Activity: Leaving pictures aside, set down each line exactly, from the first line of the data to the line with "Aldığı darbelerle neye", both included.

[Excerpts from a dataset]

● ● ● ● ●

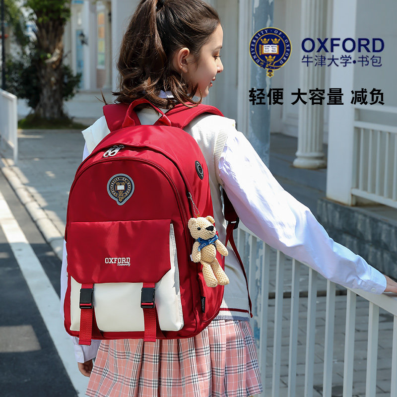 Oxford University schoolbag junior high school girls large-capacity nursing crest to reduce the burden of primary school students' schoolbags for girls in grades 3 to 6 light
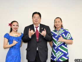 左からレヒヴァ由妃さん、関根社長、ジンLEONさん 2026/01/08 10:01 福島県いわき市のスパリゾートハワイアンズは創業60周年となる15日、節目を記念し… -
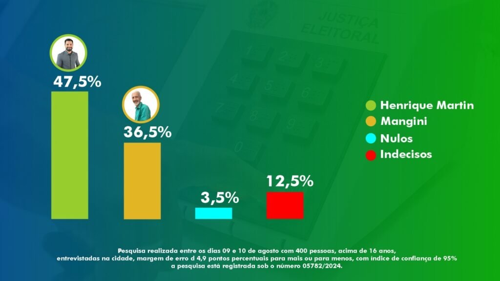 Na sondagem estimulada o ex-prefeito Henrique Martin também aparece como o candidato favorito na disputa pela prefeitura, com 47,5% das intenções de voto. Antonio Carlos Mangini, por sua vez, aparece com 36,5% das intenções de voto. A pesquisa também indica que 3,5% dos eleitores pretendem votar em branco ou anular o voto, enquanto 12,5% ainda não decidiram em quem irão votar.
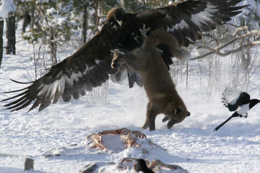 Aldığı darbelerle neye uğradığını şaşıran şahin uçarak oradan uzaklaştı.
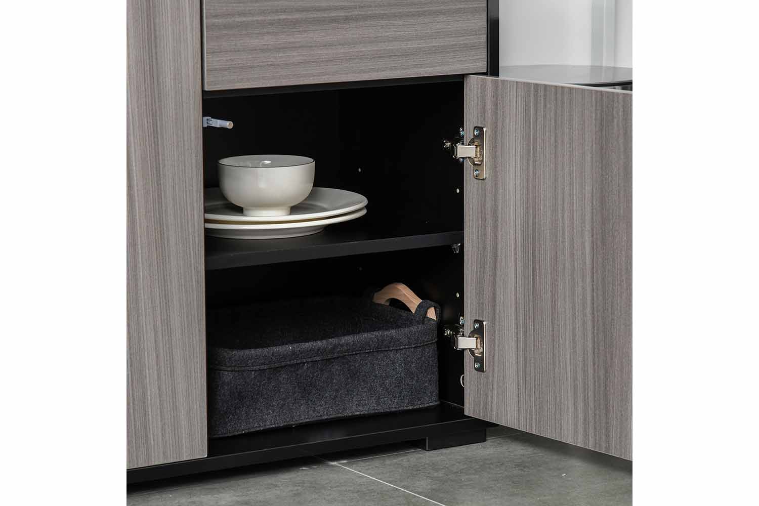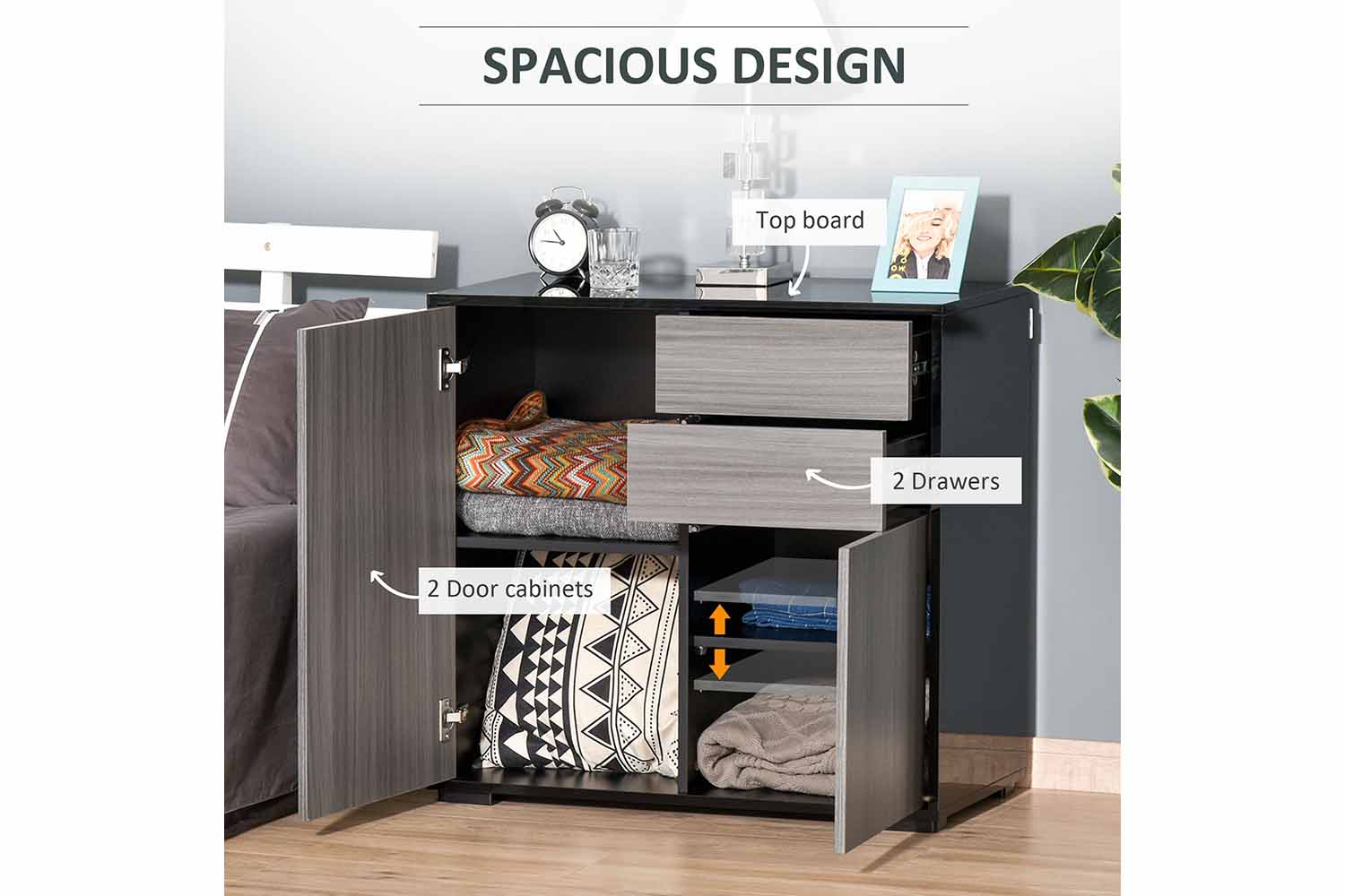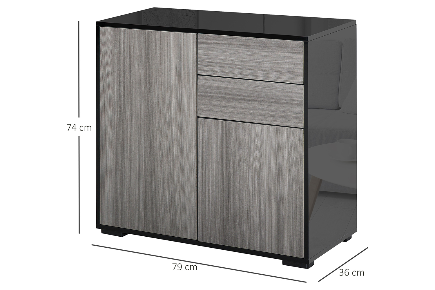 This Homcom cabinet is a durable and stylish addition to every home, keeping your space clean and tidy with ease. It's made from MDF for a durable structure, with anti-tipping straps on the back for safety. The practical design, with the push-click drawers and cabinet doors makes them quick and effortless to open and close. The elevated base allows air to flow through for freshness. An effortless way to bring in sleek style into your living space.
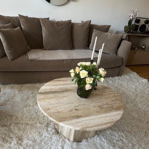 2st runda vardagsrumsbord i storleken 80cm och 55cm med glasskiva med marmormönster och guldben.
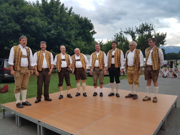 Mit den Freunden der Schuhplattlergruppe Sattendorf un ddem Trio MOS steht Mitte Juli jeden Jahres ein Heimatabend im Campingbad in „großer Besetzung“ auf dem Programm. Diesmal im Doppelquartett wurde wieder in einen lauen Sommerabend „hineingesungen“ und ein Bierchen unter freiem Himmel genossen !

● ● ● ● ●

Answer to this exercise:
 Oxford University schoolbag junior high school girls large-capacity nursing crest to reduce the burden of primary school students' schoolbags for girls in grades 3 to 6 light
 左からレヒヴァ由妃さん、関根社長、ジンLEONさん 2026/01/08 10:01 福島県いわき市のスパリゾートハワイアンズは創業60周年となる15日、節目を記念し… -
 Na sondagem estimulada o ex-prefeito Henrique Martin também aparece como o candidato favorito na disputa pela prefeitura, com 47,5% das intenções de voto. Antonio Carlos Mangini, por sua vez, aparece com 36,5% das intenções de voto. A pesquisa também indica que 3,5% dos eleitores pretendem votar em branco ou anular o voto, enquanto 12,5% ainda não decidiram em quem irão votar.
 Aldığı darbelerle neye uğradığını şaşıran şahin uçarak oradan uzaklaştı.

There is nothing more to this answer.